No.0019

2014年08月01日

自国の歴史を紐解くことで認識の違いを埋める試み「日中若手歴史研究者セミナー」

歴史認識「共有」化に代わる試み

日中両国民の歴史認識には大きな隔たりが残されています。1972年に日中国交が回復され、歴史の精算についてある程度の共通認識ができたかに思えました。しかし、近年にいたっても認識は共通化されるどころか、むしろ差異が際立ってきている感があります。そうした溝をどう埋めればいいのか。たとえば、政府間で実施されたそうした研究会では、研究者間の交流には成功したものの、歴史認識そのものを埋めることはやはり難しく、今後の課題として残されてしまいました。
そこで、SPFがこの問題に取り組むにあたって考えたひとつは、まず両国の若手の研究者たちに広く相手国について関心を持ってもらうことでした。そして、仮に歴史認識について解釈を同じくすることが不可能でも、研究手法や史料を共有するところから一歩ずつ時間をかけて、パイプをつくり、議論の土俵を用意していく必要があるだろうということでした。
その狙いで、2001年に「日中若手歴史研究者会議」をスタート。日中の若手研究者による共同研究や成果の共同出版、英語圏への情報発信などをすすめてきました。

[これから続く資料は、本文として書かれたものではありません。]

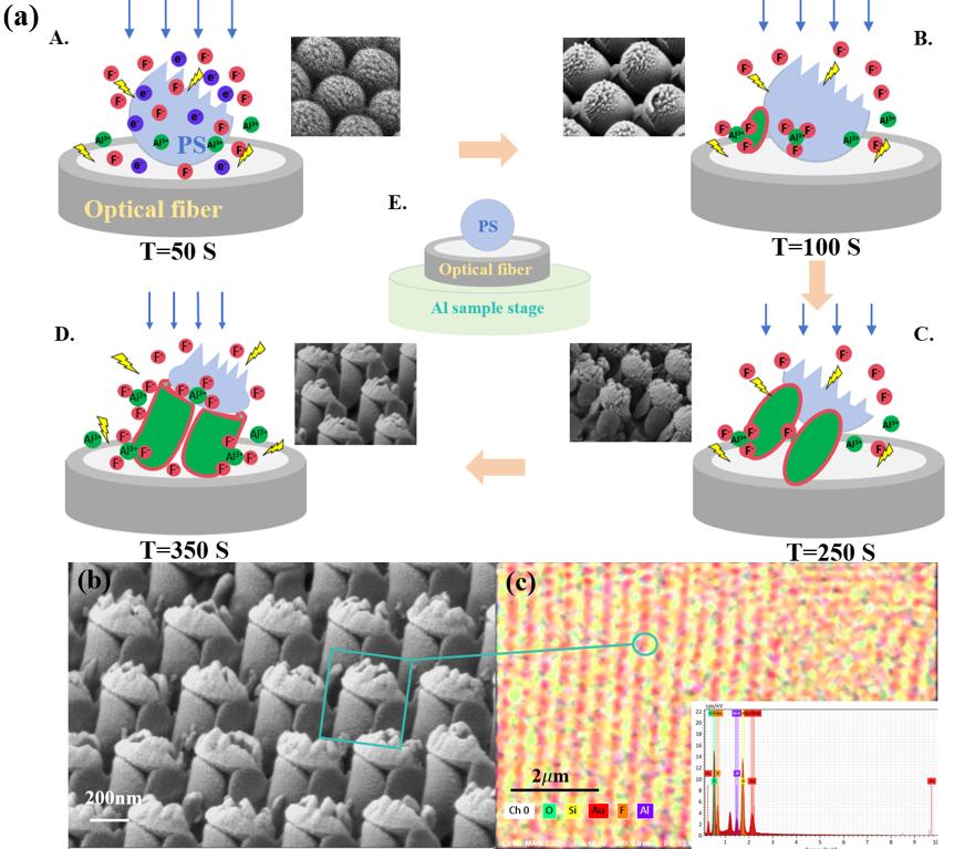 表面增强拉曼散射(Surface-enhanced RamanScattering, SERS)作为一种分子检测技术,能以较高的灵敏度获得目标分析物的“指纹信息”,已广泛应用于表面物理、生物、化学、纳米材料等领域。随着光纤传感技术的发展,基于SERS的光纤探针得到了极大关注。与传统SERS检测相比,光纤探针可以实现实时、原位和远程检测。微腔效应与SERS相结合可以有效提升拉曼探测灵敏度。本工作采用纳米球光刻和反应离子蚀刻技术,在光纤端面上制备了均匀有序的海胆帽闭合微腔阵列(SCCA)。与传统的开腔结构相比,SCCA内底部的最大电磁场强度提高了6.15倍,而腔内局部电场强度提高了9.7倍,显示出更强的光捕获能力和热点生成能力。此外,SCCA顶部的海胆状结构生成了丰富的SERS“热点”,进一步增强了局部表面等离子体共振,从而有效提升了的SERS探测性能。该研究成果对于高灵敏度的原位检测有重要意义。
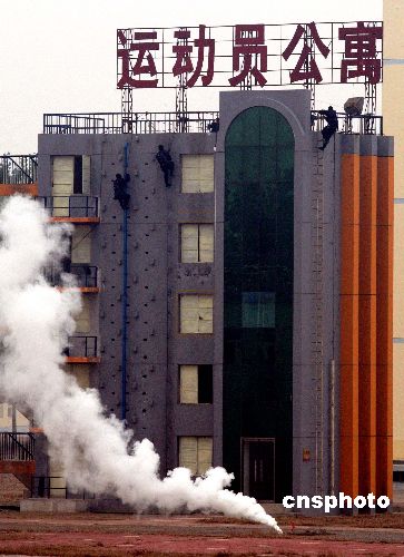 中國反恐特種部隊(duì)演練解救運(yùn)動員人質(zhì)。

それを10年継続したのち、さらに2011年から5年計画で、「日中若手歴史研究者セミナー」を新たに始め、いまも毎年実施しています。
「日中若手歴史研究者セミナー」は、夏に20代~30代の若手研究者を両国から募り、合宿して研究発表やディスカッションを行うものです。開催地も、第1回目(2011年度)は沖縄、第2回目(2012年度)は金門島・アモイで、第3回目(2013年度)は長崎というように、日中の歴史において重要な意味を持つ地を選び、沖縄の戦中・戦後史、中台緊張・海峡問題、原爆、華僑ネットワークといった事例をごく身近に感じ取りながら議論を戦わせました。

第4回目は、8月7日~14日、南京で開催

第4回目となる今夏は、中国・南京において、日本・中国・台湾・アメリカで研究している日本人と中国人など、約40名が出席し、約1週間の日程で各自の研究テーマについて発表、ディスカッションを行いました。
今年の特徴は、まず、日中双方の参加者が「自国史研究者」であったことです。これ以前の3回は、日本の中国研究者と、中国の日本研究者も参加する中での対話でした。つまり、おたがいに相手側の事情についてある程度理解があり、それゆえ議論においても相手側立場をおもんばかることができ、自己の歴史認識との"ずれ"を痛切に感じながら双方の違いを議論し合えるという条件が整っていました。今回は、その条件そのものをはずし、それぞれ自国の歴史を研究している者どうしが「戦争と社会」というテーマのもとで議論したらどうなるかという試みに臨みました。
その結果、あらたな化学反応が生まれました。たとえば、国立歴史民俗博物館・機関研究員中野良氏の「日本陸軍の軍事演習と地域社会」についての発表では、戦前、戦中の日本地域社会と日本陸軍の相互関係が詳細に明らかにされました。それが中央と地方機関双方の緻密な史料探究にもとづいた研究だったこともあり、中国側研究者たちにとっては新たに知った日本の知識であるとともに、斬新な研究手法に映りました。その他、「東京の都市化と軍需工場」(鈴木智行氏)、「朝鮮戦争と米国世論」(高木綾氏)、「浙江の鉄道権益騒動」(岳欽韜氏)など、いくつかの研究の実例を通して、それぞれの政治史や経済史、社会史の手法を学び合い、白熱したディスカッションが毎日続きました。

和解実現を願い、事業担当者の陰なる努力にも注目

発表内容は関係者向けのサイトに公開され、大学や高校をはじめ各種メディアを通じて、じわじわと浸透しており、日中選り抜きの自国史研究者を招いての試みは、和解実現への第一歩と注目されています。また、参加者からも手ごたえのあるセミナーに、「国際会議で報告をする際の報告方法や論理構成について学ぶことができた」「先行研究も少なく今後の進展が期待されるテーマなので、興味深かった」などという感想が寄せられ、開催する側としてはうれしい限りです。
日中両国の若手研究者40名の人選からセミナー開催に至るまでには、大変な労力を要します。しかし、毎回のセミナーを通して新たな出会いと発見があり、互いの理解が深化していくのを実感します。セミナーの次回の課題を追求しつつ、さらなる和解の実現に向け、Progress Nowで引き続きフォローしていきます。